▶ [Required action]: The lines below, from the one holding "Start with a" through the one holding "Men's Green Slim", are to be restated word for word, with all images left out.

*** Provided records ***

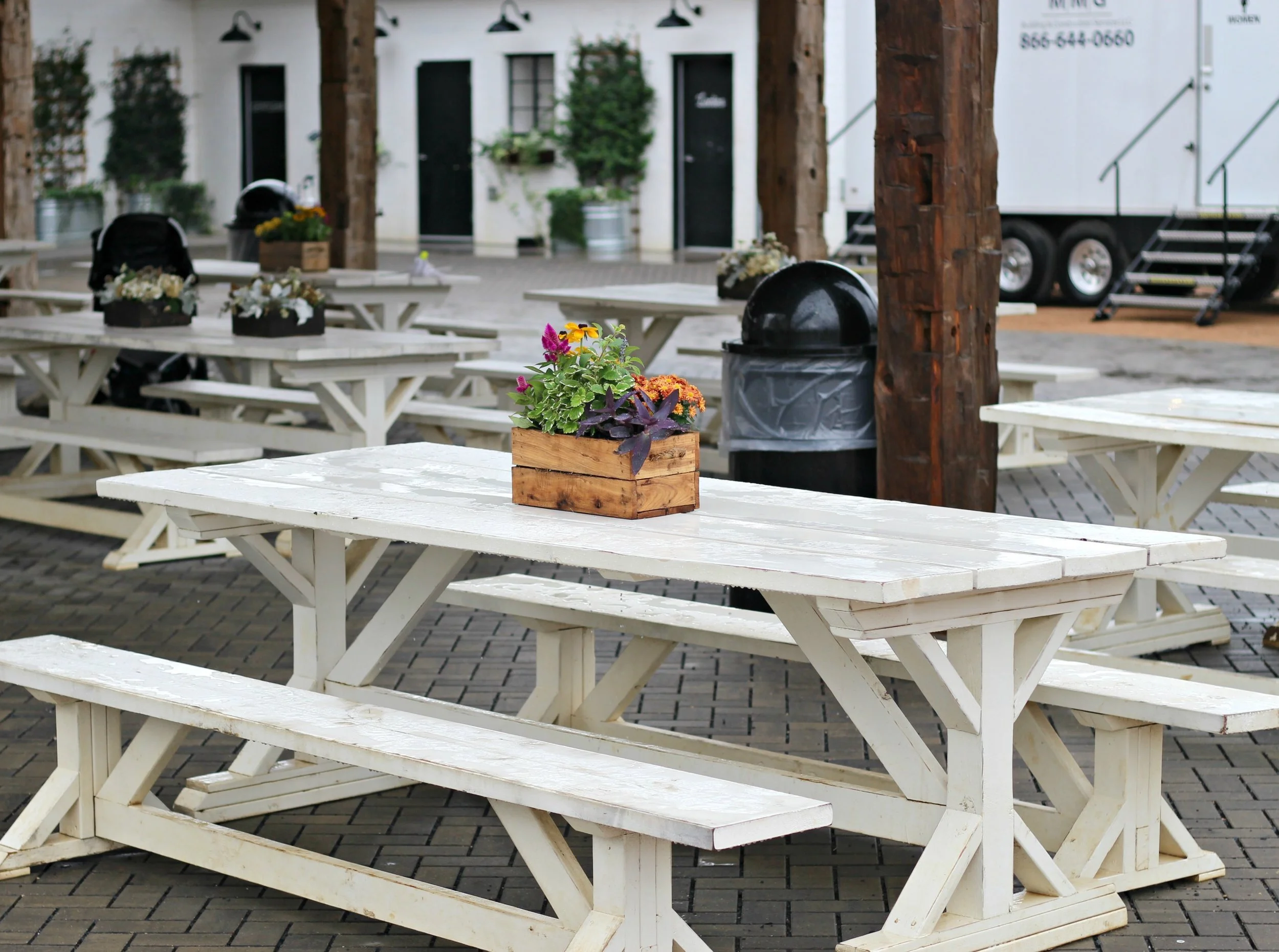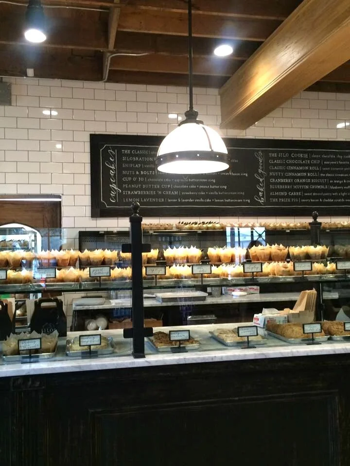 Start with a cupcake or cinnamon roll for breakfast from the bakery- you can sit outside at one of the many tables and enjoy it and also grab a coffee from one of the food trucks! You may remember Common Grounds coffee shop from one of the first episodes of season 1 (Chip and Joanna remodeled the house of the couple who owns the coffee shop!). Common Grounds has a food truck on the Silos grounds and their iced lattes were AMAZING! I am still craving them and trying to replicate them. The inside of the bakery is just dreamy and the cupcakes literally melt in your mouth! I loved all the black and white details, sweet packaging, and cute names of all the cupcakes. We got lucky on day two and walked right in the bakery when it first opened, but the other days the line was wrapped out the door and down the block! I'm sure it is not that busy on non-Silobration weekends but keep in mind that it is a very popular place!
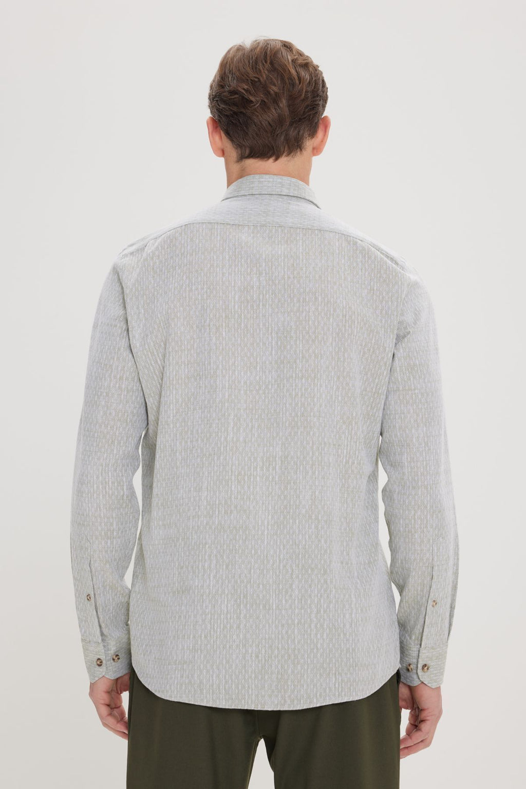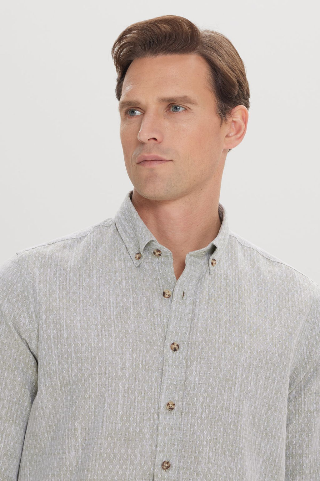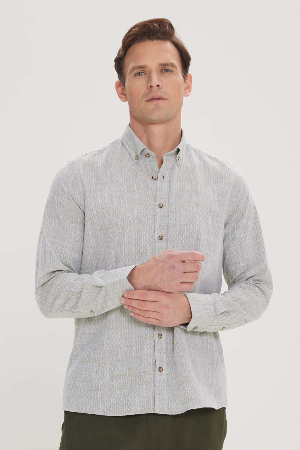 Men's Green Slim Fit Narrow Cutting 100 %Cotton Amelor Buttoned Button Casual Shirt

*** End of Provided records ***
*** Provided records ***

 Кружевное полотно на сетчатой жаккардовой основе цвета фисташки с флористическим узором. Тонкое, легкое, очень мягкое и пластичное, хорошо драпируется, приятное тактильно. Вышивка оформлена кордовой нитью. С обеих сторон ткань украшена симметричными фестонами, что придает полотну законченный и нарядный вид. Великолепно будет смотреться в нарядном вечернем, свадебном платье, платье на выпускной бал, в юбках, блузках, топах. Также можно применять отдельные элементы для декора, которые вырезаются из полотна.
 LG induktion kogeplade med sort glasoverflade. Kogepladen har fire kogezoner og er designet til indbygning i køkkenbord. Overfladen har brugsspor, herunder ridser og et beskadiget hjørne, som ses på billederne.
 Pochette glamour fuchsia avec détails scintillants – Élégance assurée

*** End of Provided records ***

▶ [Finished exercise]:
 Start with a cupcake or cinnamon roll for breakfast from the bakery- you can sit outside at one of the many tables and enjoy it and also grab a coffee from one of the food trucks! You may remember Common Grounds coffee shop from one of the first episodes of season 1 (Chip and Joanna remodeled the house of the couple who owns the coffee shop!). Common Grounds has a food truck on the Silos grounds and their iced lattes were AMAZING! I am still craving them and trying to replicate them. The inside of the bakery is just dreamy and the cupcakes literally melt in your mouth! I loved all the black and white details, sweet packaging, and cute names of all the cupcakes. We got lucky on day two and walked right in the bakery when it first opened, but the other days the line was wrapped out the door and down the block! I'm sure it is not that busy on non-Silobration weekends but keep in mind that it is a very popular place!
 Men's Green Slim Fit Narrow Cutting 100 %Cotton Amelor Buttoned Button Casual Shirt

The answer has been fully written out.